“Un senzatetto arriva in una nuova città e si ritrova intrappolato nel caos urbano, una città dove regnano la criminalità e il boss del crimine. Vedendo un paesaggio urbano pieno di rapinatori armati, poliziotti corrotti, prostitute vittime di abusi e persino un Babbo Natale pedofilo, decide di portare giustizia in città nel miglior modo che conosce: con un fucile da caccia calibro 20”

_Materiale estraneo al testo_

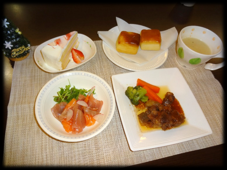 ミルクパン・牛肉の赤ワイン煮・マグロとサーモンのカルパッチョ・ポタージュスープ・苺のショートケーキ

Un soggetto folgorante, è innegabile, che sostituisce il protagonista del trailer originale con un incisivo Rutger Hauer, protagonista assoluto di un vero e proprio delirio nichilista: il mondo, contestualizzato in un imprecisato futuro dal look anni ‘80, è andato totalmente a rotoli e sarà così l’ultimo degli emarginati a ristabilire un decisivo ordine sociale, grazie ad una straordinaria determinazione ed un fucile sempre al proprio fianco. Si aggiunga una fotografia ipersaturata ad opera di Karim “Subconscious Cruelty” Hussain ed un gusto (a dirla tutta, quasi morboso) per una violenza ai limiti del risibile e si giungerà ad una pellicola fieramente sbilenca, colma di paradossi e lungaggini, che tuttavia rispetta nel profondo – soprattutto nelle seconda parte – lo spirito precipuo del grindhouse americano che fu. Violenza, personaggi tagliati con l’accetta, dialoghi che sfoggiano frasi d’impatto disarmante: una giostra senza freni per chi decide di stare al gioco, accettando gli eccessi di un cinema dall’anima ludica che, purtroppo, non tornerà mai più.
Geniale, su tutte, la trovata della coppia di killer denominata “La peste”, che strangola le proprie vittime utilizzando cappi istantanei da agganciare al soffitto. Spassoso, quasi come uno spaghetti western.